Baptists can now be a “prophetic minority,” says Russell Moore. He’s the new head of the denomination’s Ethics and Religious Liberty Commission, who effectively acts as the head theologian for Southern Baptists. In a session live-streamed around the world, he told pastors to tone it down on gay marriage.
“When I hear people who are simply screaming in outrage right now, let me tell you what I hear, I hear losers,” he said.
This is a night-and-day difference between Moore and his flame-throwing predecessor, Richard Land.
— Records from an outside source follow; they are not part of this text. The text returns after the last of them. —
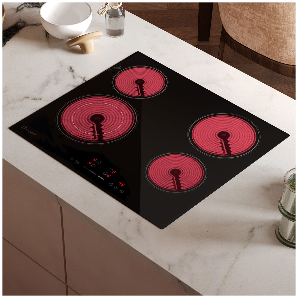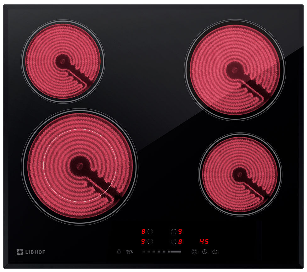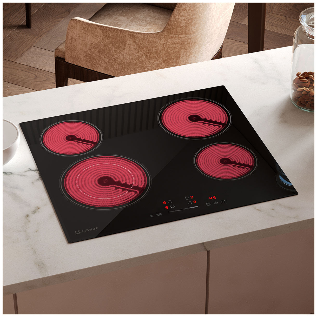 Электрическая варочная панель Libhof PH-64604C – премиальная инфракрасная технология, четыре конфорки быстрого нагрева, радиальная зона и 9 уровней мощности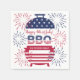 Modern red, white, and navy blue Happy 4th of July patriotic family barbecue personalised paper napkins with stars, stripes, fireworks, and American flag style lettering.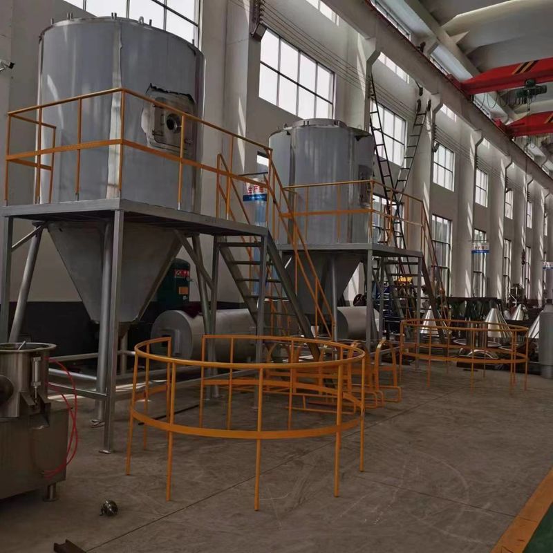 Après filtrage et chauffage, l'air entre dans le distributeur d'air sur le matériel de séchage. L'air chaud entre dans la forme de spirale de tour de séchage et uniformément. Par .passing par l'atomiseur centrifuge ultra-rapide sur la tour, le liquide matériel tournera et sera pulvérisé dans les perles liquides de brume extrêmement fine. Par la courte durée même d'entrer en contact avec de l'air de chauffage, le matériel peut être séché dans des produits finis. Les produits finis seront déchargés sans interruption du fond de la tour de séchage et du séparateur cyclonique.
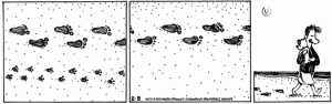 Regarding the constant pressure of meeting deadlines, Patrick says, “When you do a daily comic strip, having faith is a big part of it. I have faith in the Creator and in the creative powers that something’s going to happen. I’ve always approached art on a faith basis — not to struggle with it, but to let it happen.”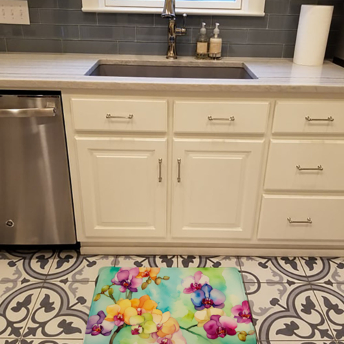 Memory Foam Kitchen Mat featuring breed specific Orchids artwork. Transform your floor into a work of art with Caroline’s Treasures’ Memory Foam Mat. This mat offers not only a stunning visual appeal but also a luxurious, plush feel that’s incredibly comfortable to the touch. It’s a versatile, machine-washable mat designed for both bath and kitchen use, ensuring you experience the best in comfort and convenience. Care Instructions: Maintaining this memory foam mat is a breeze. Simply follow the care instructions on the product tag. It’s recommended to wash in cold water and dry on a low-temperature setting in the dryer. This ensures the mat retains its quality and longevity, allowing you to enjoy its beauty and comfort for a long time. Caroline’s Treasures’ Memory Foam Mat Machine Washable is the perfect blend of artistry, comfort, and practicality, making it a standout addition to any space. Upgrade your home decor with this versatile and stylish mat today.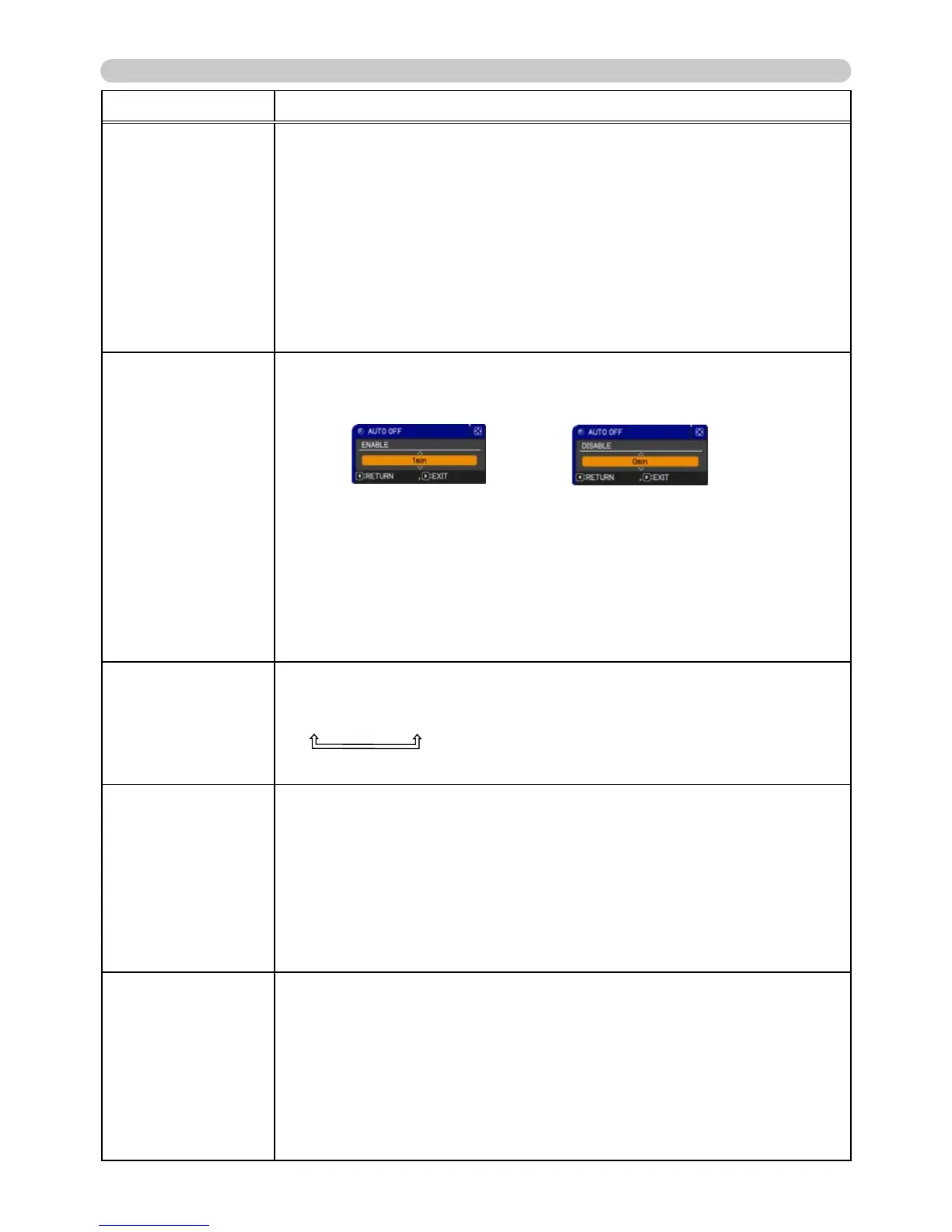 When the time is set to 0, the projector is not turned off automatically.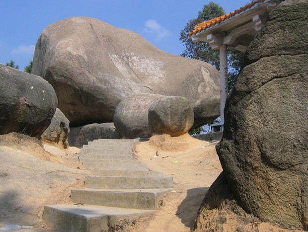 豬頭石高約5米,長6米,100余噸重,由兩小巨石頂住,仿佛凌空飛來,擱在石棱倒插的火爐山云峰山石之巔,版權(quán)所有山東聊城聊之旅國際旅行社有限公司,轉(zhuǎn)載必究!科學解釋為第四紀冰川過處的遺留物。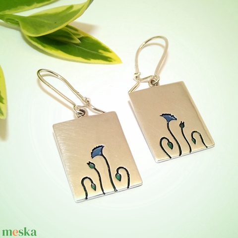 Himalájai kék pipacsos téglalap, beakasztós, női ezüst fülbevaló pár (EPK.27)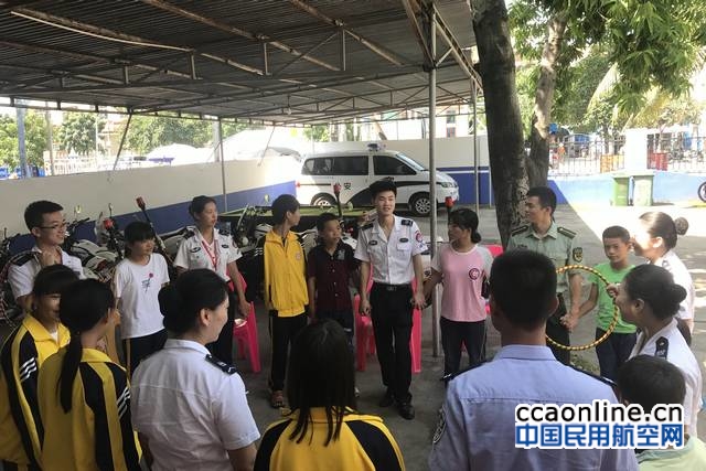 21日上午,三亚机场安全检查站一行十二人,乘车前往海南省乐东县佛罗镇看望了当地10名家庭贫困、品学兼优的中小学生,为孩子们送去了5000元爱心捐款、课外书籍和文体用品,还给孩子们表演了节目并进行互动游戏,陪伴孩子们度过了快乐的一天。
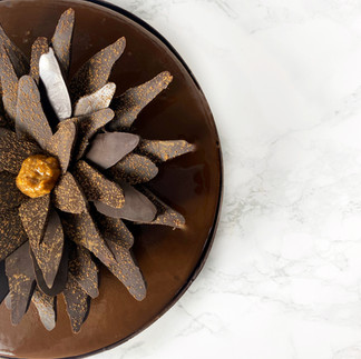 - Saupoudrer de cacao en poudre sur la fleur en chocolat. - Disposer la fleur en chocolat au centre du gâteau.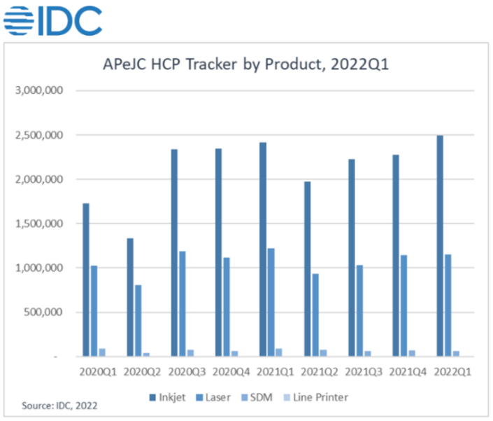 根據(jù)IDC數(shù)據(jù),2022年第一季度,亞太區(qū)打印機(jī)市場(chǎng)(不含日本和中國(guó))出貨量為371萬(wàn)臺(tái),比一年前的372萬(wàn)臺(tái)下降了0.4%。這意味著著該地區(qū)自2021年第三季度以來(lái),已連續(xù)三個(gè)季度出現(xiàn)了同比下降。但根據(jù)追蹤數(shù)字,各個(gè)季度之間的出貨量在不斷改善。
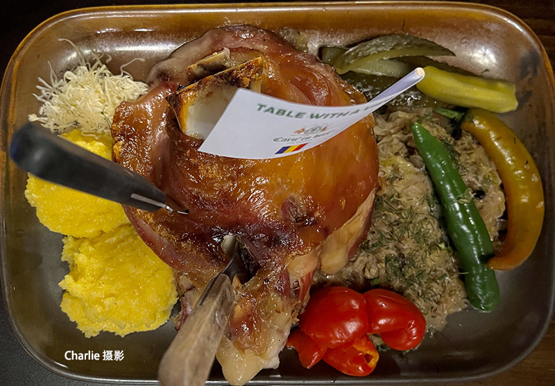 这是一个烤猪肘。味道极好,表皮是酥脆的,里面的肉烂烂的,入嘴即化,且回味无穷。后来大家一致公认,这是我们巴尔干旅程中吃过的最好的一道菜。现在还想着呐。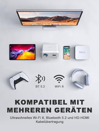 ![Smart Mini Beamer [Offiziell Lizenzierter APP] Autofokus /6D Trapezkorrektur 27000 Lumen WiFi6 Bluetooth Beamer Klein Full HD 1080P, VISSPL Unterstützt 4K Projector,Handy Projektor für Heimkino – Bild 3](https://m.media-amazon.com/images/I/41Y7Z-WPkXL.jpg)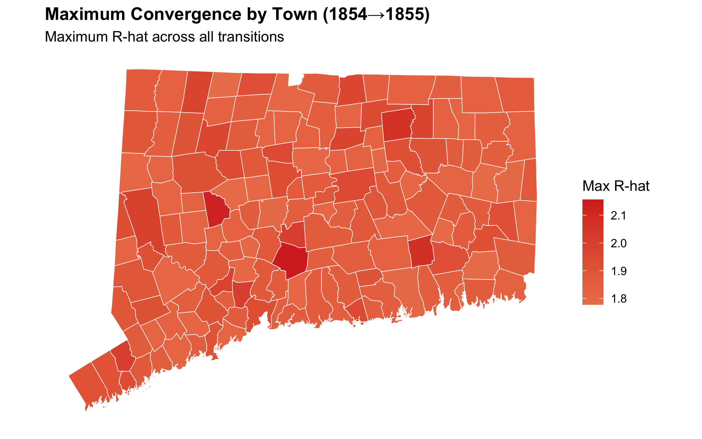 We can also see that high R-hat values are fairly uniformly distributed across the state, suggesting that the model’s failure to converge is not due to a small number of outlier towns but rather to widespread local variation in voter behavior.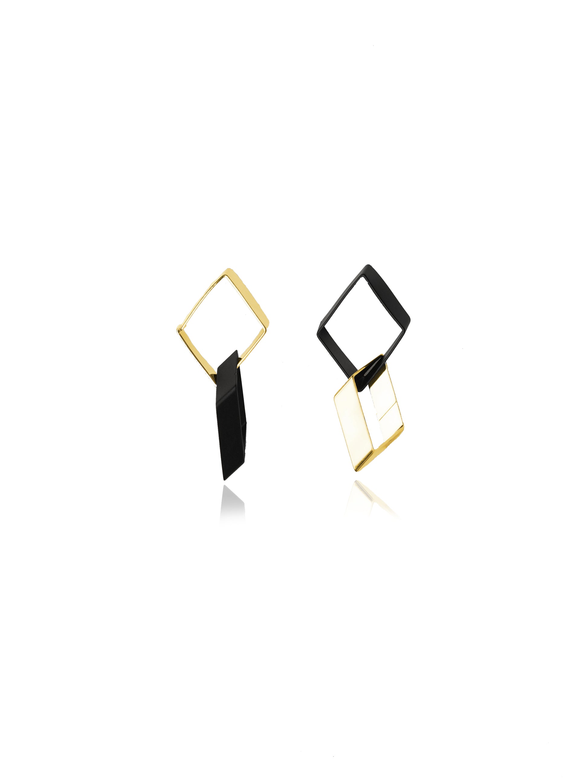 The earring in the image features a unique, modern geometric design. It's composed of interlocking twisted shapes, with a combination of glossy black and metallic finishes. This creates a striking visual contrast and a contemporary feel.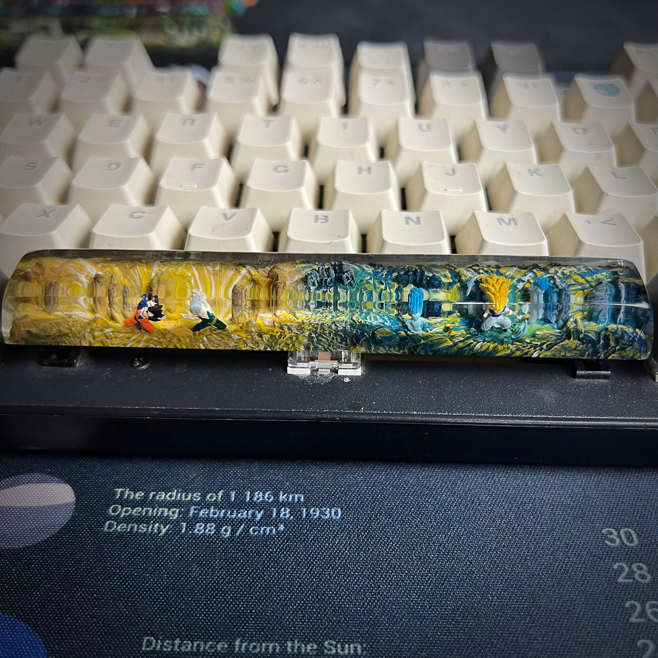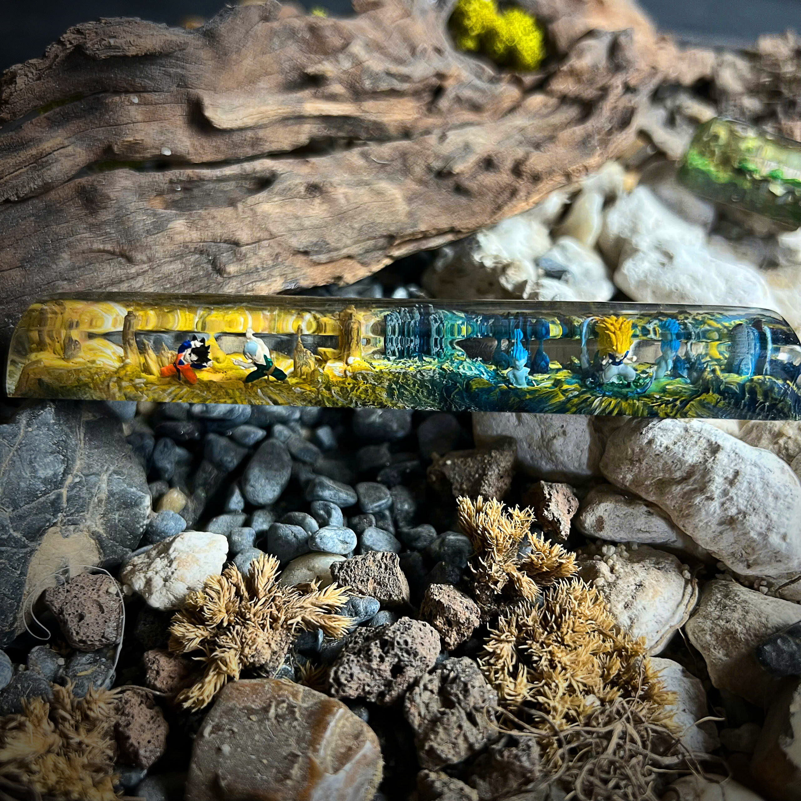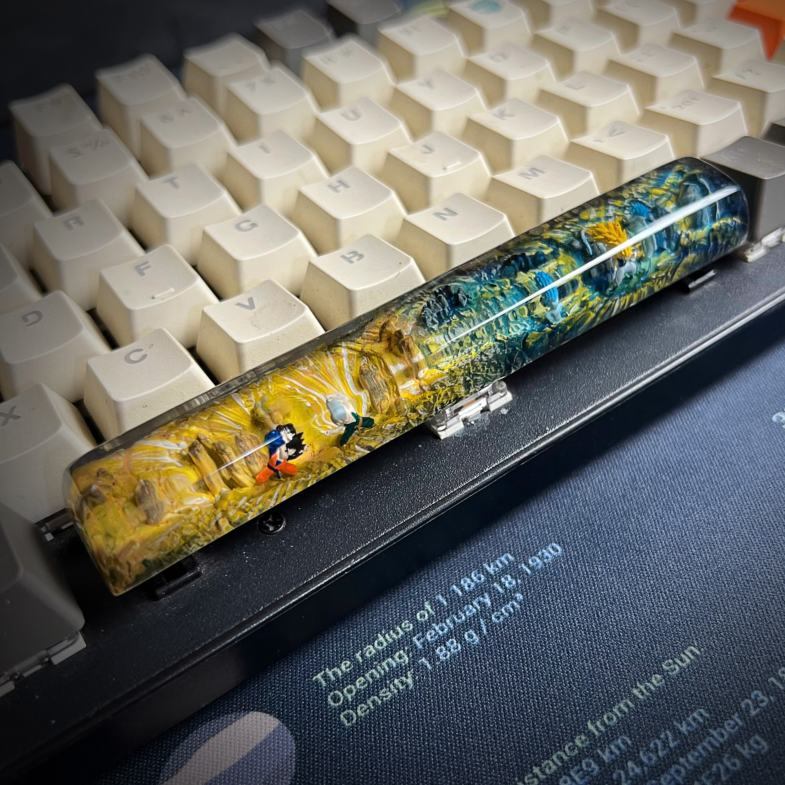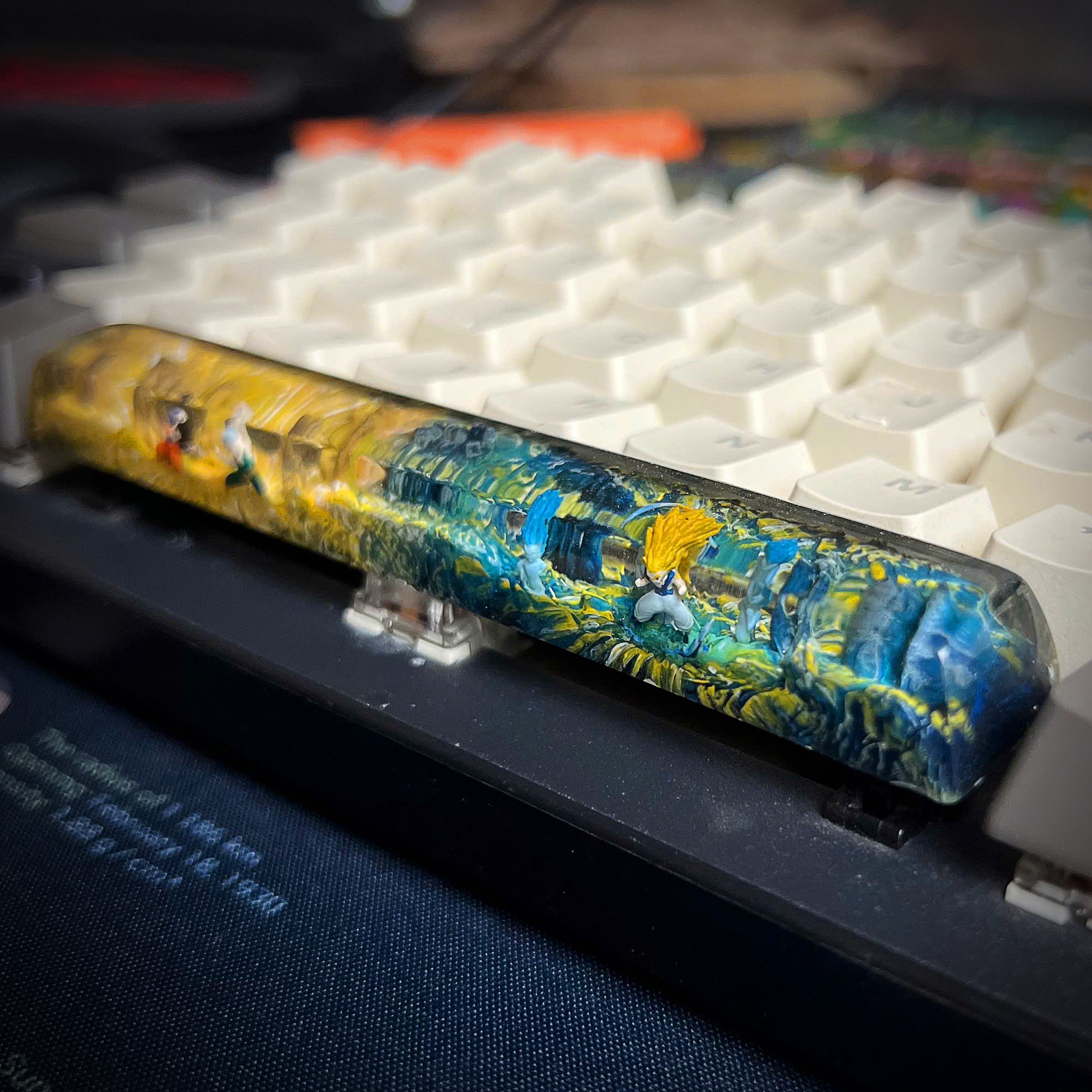 Bring the spirit of Dragon Ball Z to your mechanical keyboard with this handmade resin spacebar, inspired by the legendary anime series that defined generations. This unique keycap showcases iconic elements from the DBZ universe, blending vibrant colors, energy waves, and character silhouettes into a stunning piece of functional art.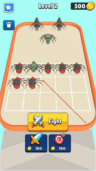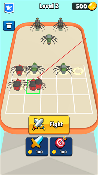 1、在Level2界面,准备将相同小火车合成,点击Fight按钮,让小火车参与战斗。

This month, Land called gay activists a “lynch mob.” He declined to be interviewed for this story, even though some comments during sessions seemed directed squarely at him, like a claim he made this month while guest hosting the radio program Washington Watch.
“I know that the dirty little secret that nobody wants to talk about is that a high percentage of adult male homosexuals in America were sexually molested when they were children.” – Richard Land
“Just make sure you know what you’re talking about before you say it,” said pastor J.D. Greear of Raleigh-Durham, regarding falsehoods like the abuse clam.
“Or how about this one,” Greear told pastors as he worked his way through a slide presentation. “Saved homosexuals become heterosexuals. That’s not always true.”
Greear says he has members of his church who’ve chosen celibacy, which he counsels gay people to do.
A Rural/Urban Divide
Jimmy Scroggins of West Palm Beach says committed gay couples even attend his church and bring their kids to participate in children’s programs. While he says he draws the line at attending gay weddings or condoning adoptions, he says Baptists have to change the way they talk about gay people. No more jokes like, “it was Adam and Eve not Adam and Steve.”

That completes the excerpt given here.